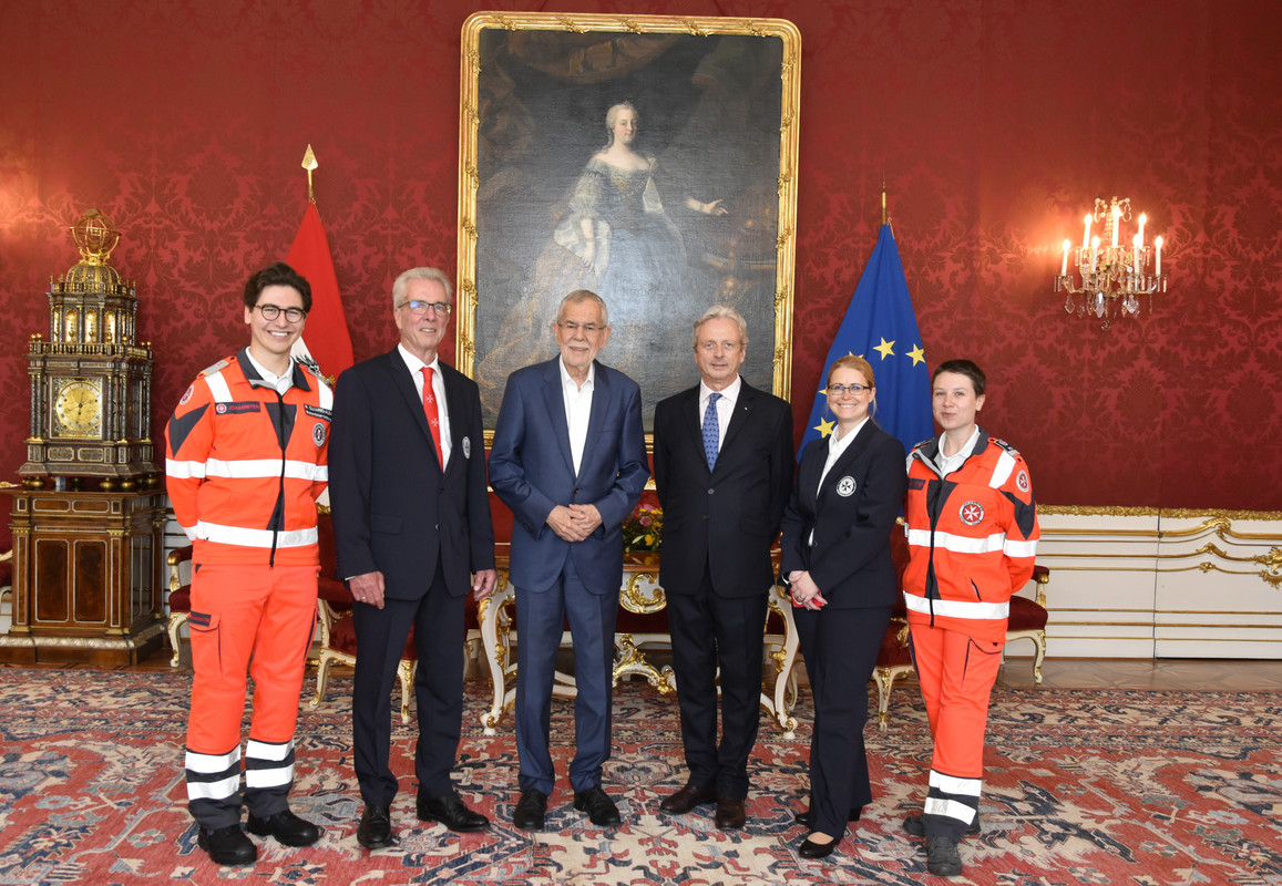 Exakt 50 Jahre nach der Gründung der Johanniter in Österreich empfing Bundespräsident Alexander Van der Bellen am 21. Juni 2024 eine Johanniter-Delegation in der Hofburg.
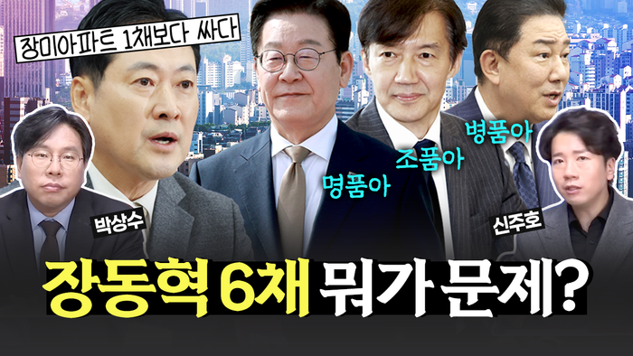 ‘나라가TV’의 패널 박상수 국민의힘 전 대변인은 “요즘 부동산 유튜브에서는 이재명 대통령의 아파트를 ‘명품아’, 조국 조국혁신당 비상대책위원장 관련 단지를 ‘조품아’, 김병기 민주당 원내대표의 장미아파트를 ‘병품아’라고 부른다”며 “이른바 ‘똘똘한 한 채’를 가진 민주당 인사들이 진짜 투기 구조를 만들었다”고 꼬집었다.
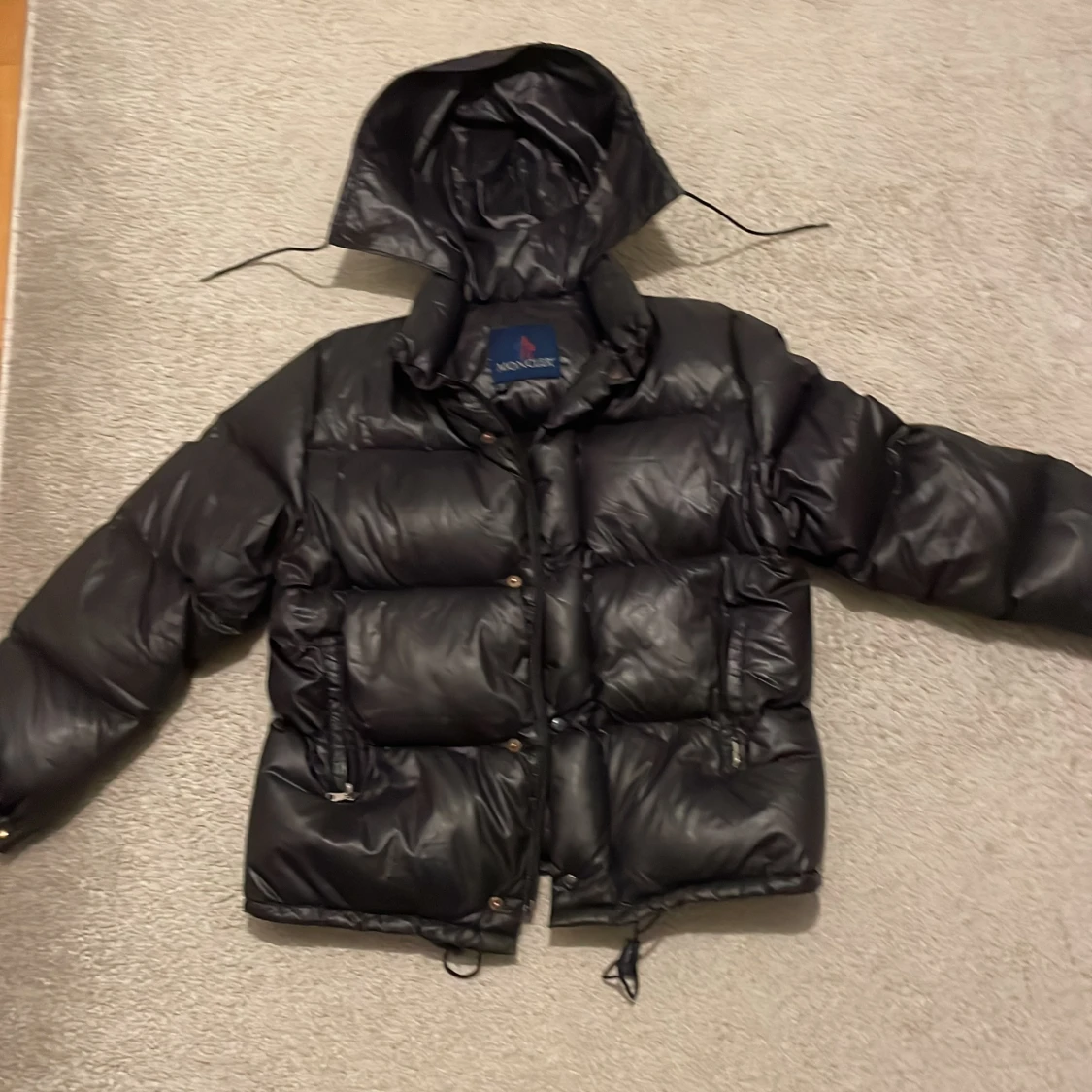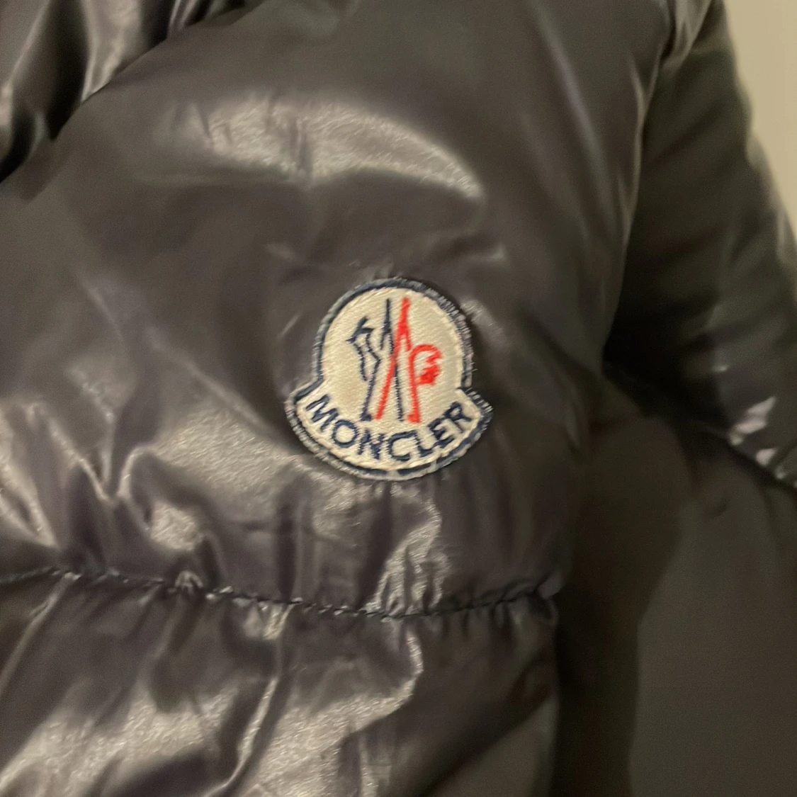 Säljer en snygg svart dunjacka från Moncler med huva och dragkedja. Jackan har en quiltad design och långa ärmar. Perfekt för kyliga dagar.
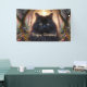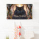 Lona Hermoso Gato Negro Fluffy con Ojos de Oro Cumpleañ
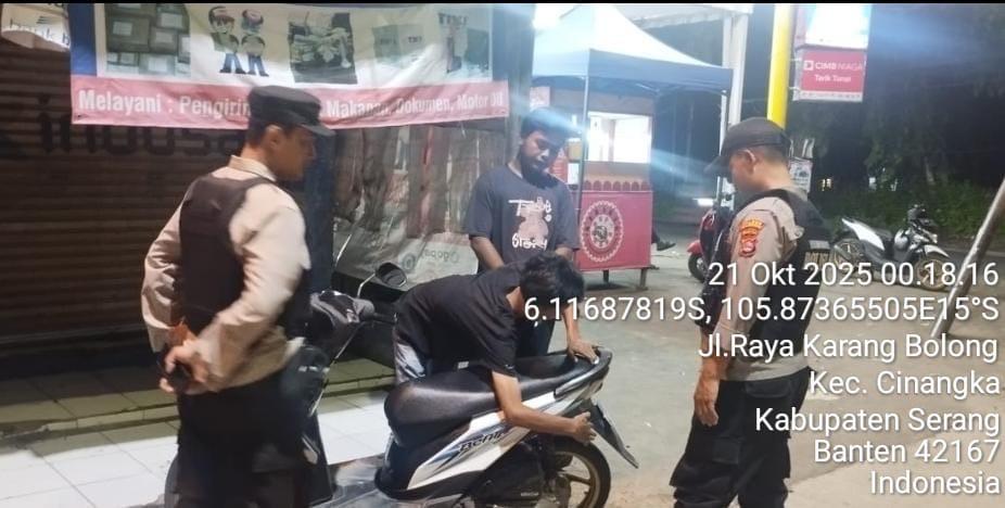 *Cilegon* – Dalam Rangka Pencegahan Kejahatan Jalanan dan Memelihara situasi keamanan dan menjaga serta memberikan rasa aman dan nyaman di masyarakat,Salah satu upaya untuk mewujudkan hal tersebut sebagaimana yang dilakukan oleh Personil Polsek Cinangka Polres Cilegon Polda Banten melaksanakan giat patroli blue light malam hari hingga menjelang pagi, Selasa (21/10/2025).
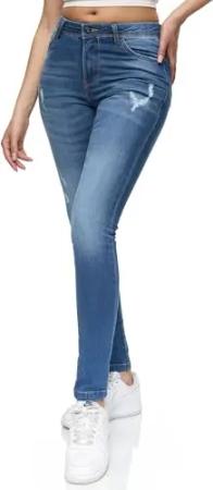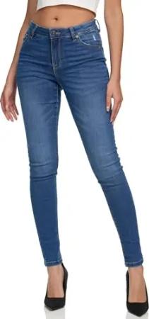 Damen Mid Waist Skinny-Fit Stretch Denim Jeans Basic RJ-1001 Mid Blue 38
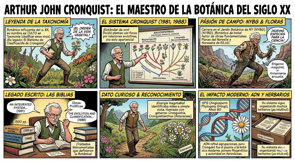 Arthur John Cronquist fue uno de los botánicos más influyentes del siglo XX. Si te interesa la taxonomía (la ciencia de clasificar a los seres vivos), Cronquist es básicamente un nombre de culto. Su mayor legado es el Sistema de Clasificación de Cronquist, que fue el estándar de oro para organizar las plantas con flores (angiospermas) durante décadas.
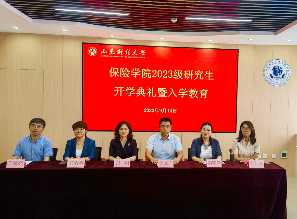 9月14日下午,保险学院2023级研究生开学典礼暨入学教育在舜耕校区保险学院会议室顺利举行。学院党委书记张娟,院长于文广,党委副书记陶晓华,副院长刘素春、于新亮,院长助理范红丽,辅导员王倩倩,在校生代表和2023级全体研究生参加典礼。典礼由党委副书记陶晓华主持。
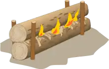 Der placeres tykke stokke i hver ende for at holde afstand. Bålet startes med tynde og brændbart materiale placeret i hullet.
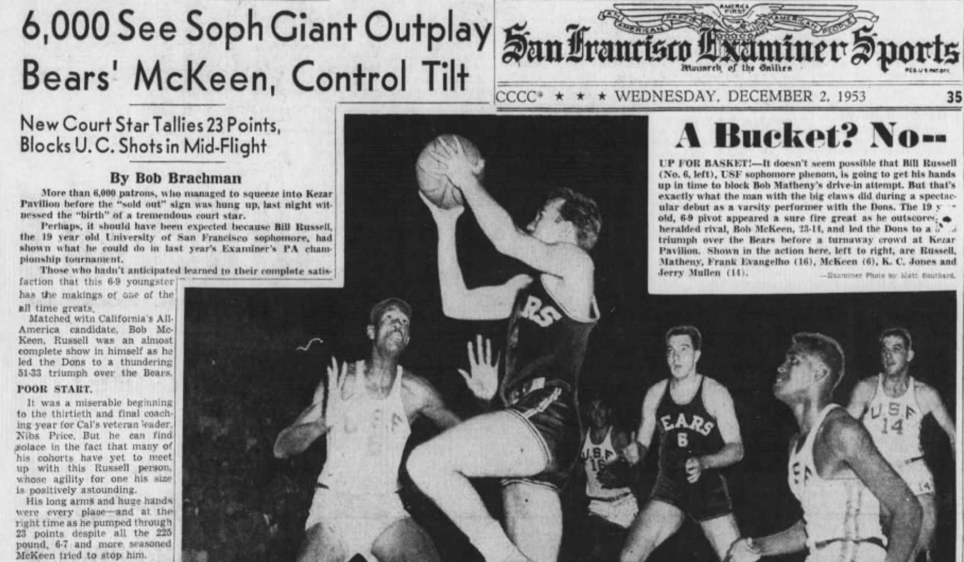 After covering San Francisco's season-opening 51-33 win over Cal in the 1953-54 season, the Oakland Tribune's Bill Dunbar wrote that Russell's "defensive play left Cal Center Bob McKeen so frustrated that the lanky Cal man had his best look at the basket from the bench," noting that Russell blocked layups that "looked like cinches for McKeen." The San Francisco Examiner reported that Russell had 13 blocks in the game, most of which he grabbed and started the fast break for the Dons. McKeen was an All-American; Russell was the game's high-scorer with 23 points.
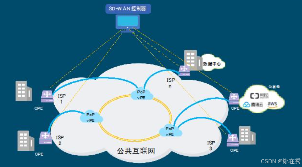 在本地分支机构部署 SD-WAN 的 CPE,云端部署 SD-WAN 控制器,CPE 之间利用互联网和 VPN 技术实现安全连接
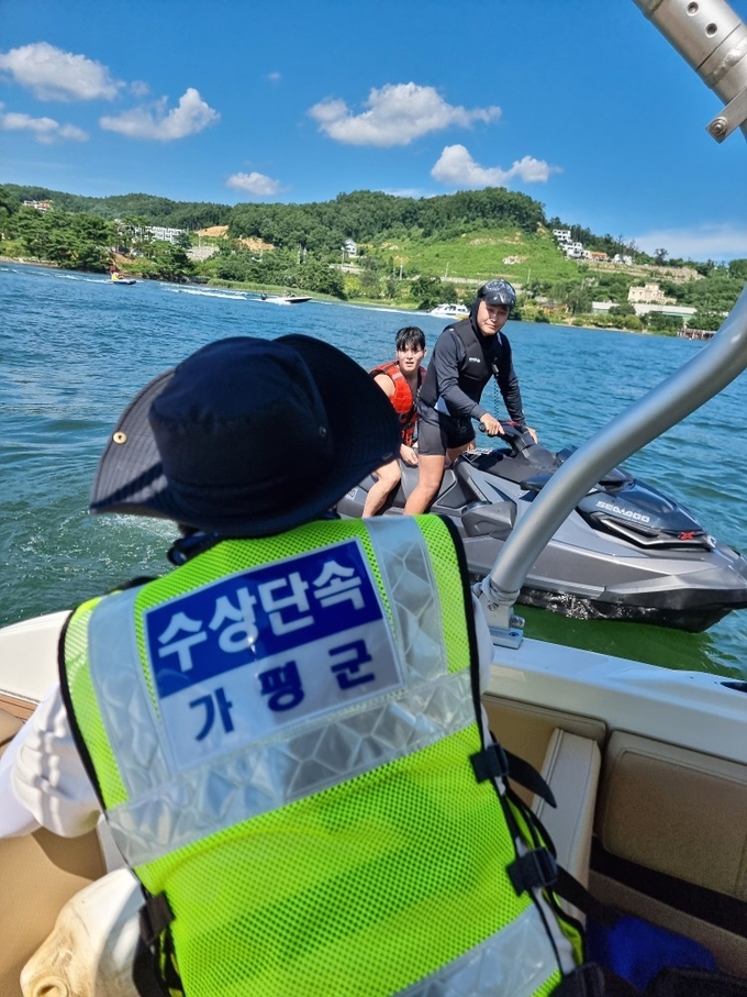 가평경찰서는 피서기 여름 행락철을 맞아 북한강 일원 운행 중인 모터보트, 제트스키 등 각종 물놀이시설의 무면허·안전장구미착용·음주운전행위 등으로 사고위험을 예방하고자 경찰·자치단체 관광과 수상관광팀, 소방119 수난구조대와 합동 테마지도·단속을 실시했다.
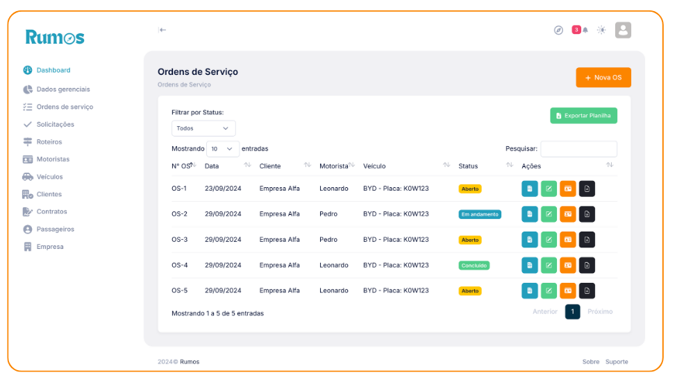 Com o Rumos, você controla frota, insumos e equipes, garante veículos em perfeito estado e proporciona experiências impecáveis aos passageiros.
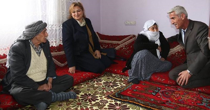 Topraki, daha sonra Medrese Mahallesi’nde ikamet eden 97 yaşındaki Ayşe Kızılkaya ve 76 yaşındaki oğlu Abdulkadir Kızılkaya, ardından da Berçelan Mahallesi’ndeki 97 yaşındaki Zekiye Temel isimli yaşlıları ziyaret etti.

===

» **What is being asked**
Copy exactly, and only, the lines from the first entry through the line holding "Damen Mid Waist", both ends included, leaving out every picture.

» **Expected answer**
 Exakt 50 Jahre nach der Gründung der Johanniter in Österreich empfing Bundespräsident Alexander Van der Bellen am 21. Juni 2024 eine Johanniter-Delegation in der Hofburg.
 ‘나라가TV’의 패널 박상수 국민의힘 전 대변인은 “요즘 부동산 유튜브에서는 이재명 대통령의 아파트를 ‘명품아’, 조국 조국혁신당 비상대책위원장 관련 단지를 ‘조품아’, 김병기 민주당 원내대표의 장미아파트를 ‘병품아’라고 부른다”며 “이른바 ‘똘똘한 한 채’를 가진 민주당 인사들이 진짜 투기 구조를 만들었다”고 꼬집었다.
 Säljer en snygg svart dunjacka från Moncler med huva och dragkedja. Jackan har en quiltad design och långa ärmar. Perfekt för kyliga dagar.
 Lona Hermoso Gato Negro Fluffy con Ojos de Oro Cumpleañ
 *Cilegon* – Dalam Rangka Pencegahan Kejahatan Jalanan dan Memelihara situasi keamanan dan menjaga serta memberikan rasa aman dan nyaman di masyarakat,Salah satu upaya untuk mewujudkan hal tersebut sebagaimana yang dilakukan oleh Personil Polsek Cinangka Polres Cilegon Polda Banten melaksanakan giat patroli blue light malam hari hingga menjelang pagi, Selasa (21/10/2025).
 Damen Mid Waist Skinny-Fit Stretch Denim Jeans Basic RJ-1001 Mid Blue 38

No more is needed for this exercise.